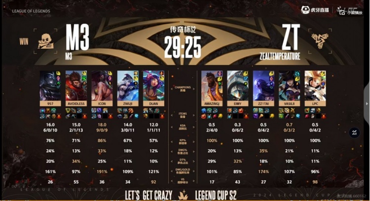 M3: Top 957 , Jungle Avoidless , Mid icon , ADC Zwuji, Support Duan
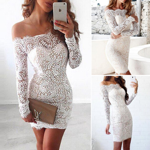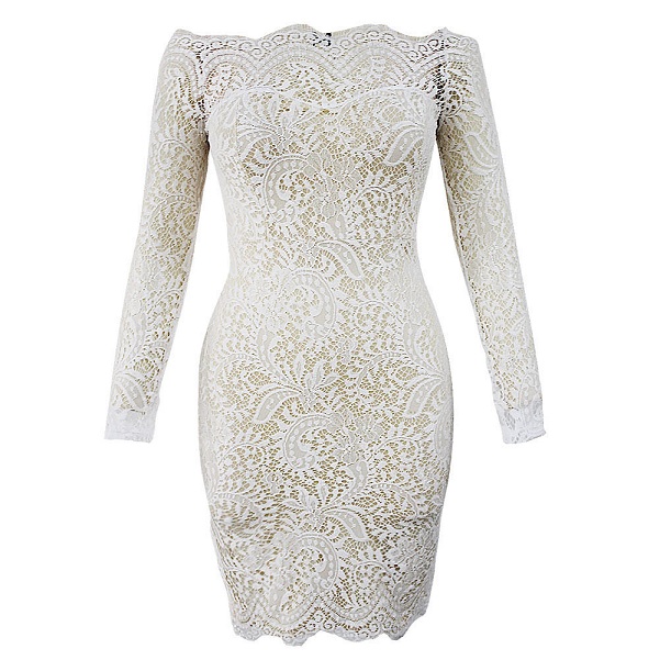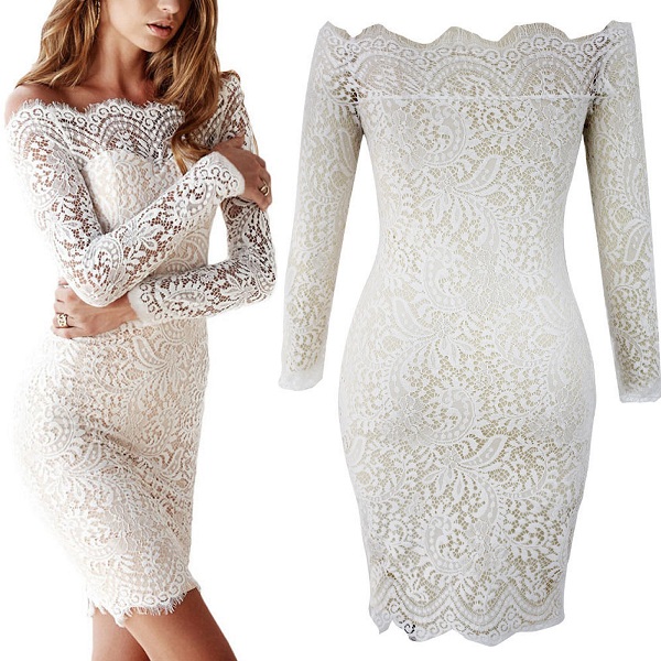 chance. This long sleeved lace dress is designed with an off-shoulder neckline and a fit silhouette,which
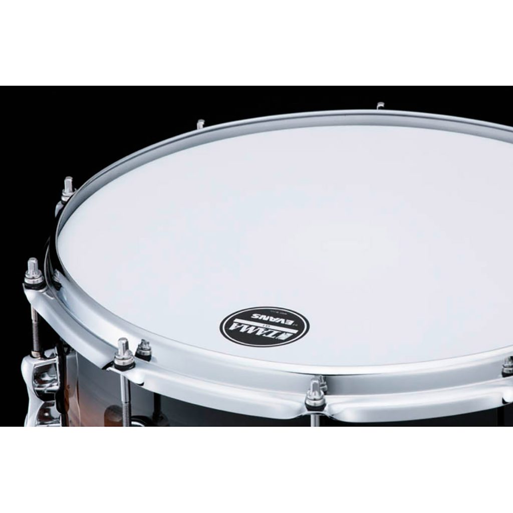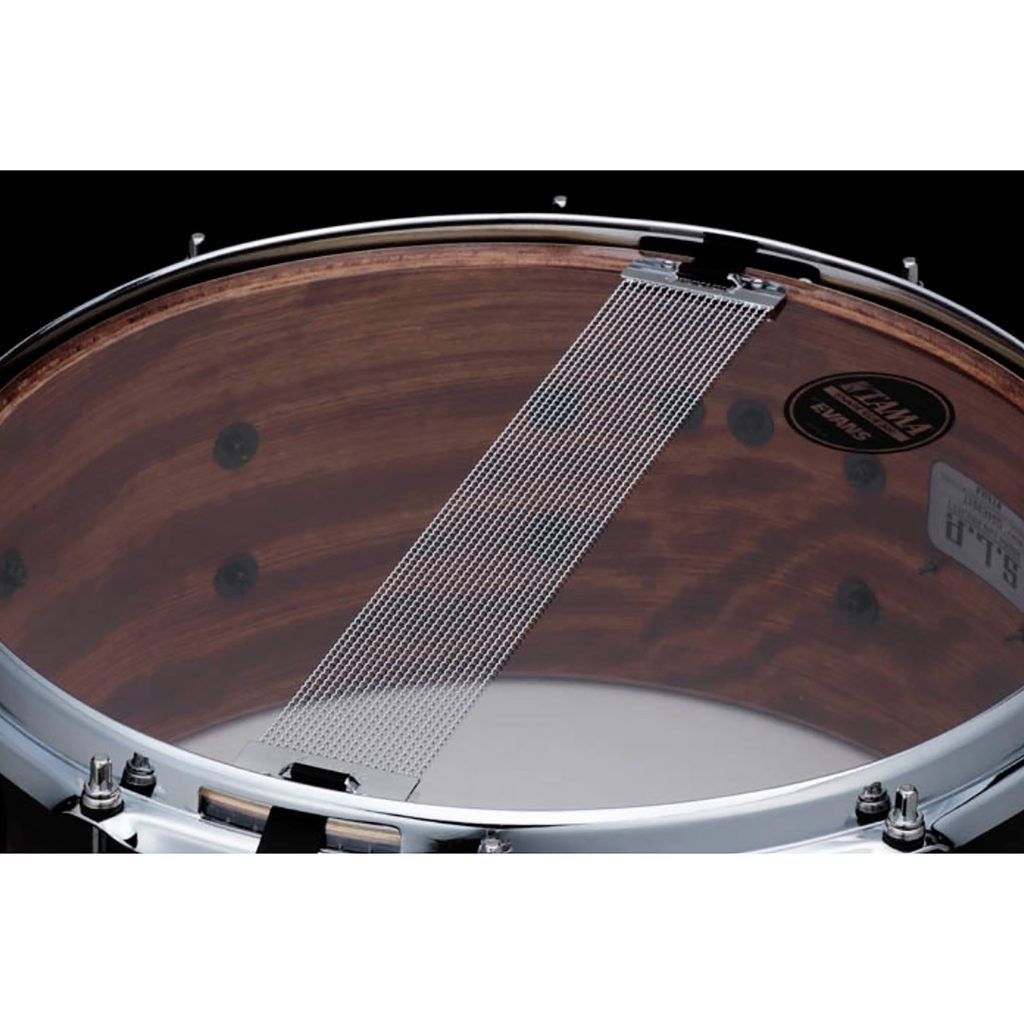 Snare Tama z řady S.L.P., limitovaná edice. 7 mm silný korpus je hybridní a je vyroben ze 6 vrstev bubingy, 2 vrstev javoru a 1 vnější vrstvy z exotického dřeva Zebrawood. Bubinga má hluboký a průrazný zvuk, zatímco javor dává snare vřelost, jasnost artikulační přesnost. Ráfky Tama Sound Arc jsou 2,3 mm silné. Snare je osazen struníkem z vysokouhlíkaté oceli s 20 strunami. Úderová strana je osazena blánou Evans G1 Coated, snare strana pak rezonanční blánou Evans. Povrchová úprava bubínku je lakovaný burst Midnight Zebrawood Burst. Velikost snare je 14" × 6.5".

Assignment:
When you repeat the data, keep it exact and drop every picture.

Answer:
 M3: Top 957 , Jungle Avoidless , Mid icon , ADC Zwuji, Support Duan
 chance. This long sleeved lace dress is designed with an off-shoulder neckline and a fit silhouette,which
 Snare Tama z řady S.L.P., limitovaná edice. 7 mm silný korpus je hybridní a je vyroben ze 6 vrstev bubingy, 2 vrstev javoru a 1 vnější vrstvy z exotického dřeva Zebrawood. Bubinga má hluboký a průrazný zvuk, zatímco javor dává snare vřelost, jasnost artikulační přesnost. Ráfky Tama Sound Arc jsou 2,3 mm silné. Snare je osazen struníkem z vysokouhlíkaté oceli s 20 strunami. Úderová strana je osazena blánou Evans G1 Coated, snare strana pak rezonanční blánou Evans. Povrchová úprava bubínku je lakovaný burst Midnight Zebrawood Burst. Velikost snare je 14" × 6.5".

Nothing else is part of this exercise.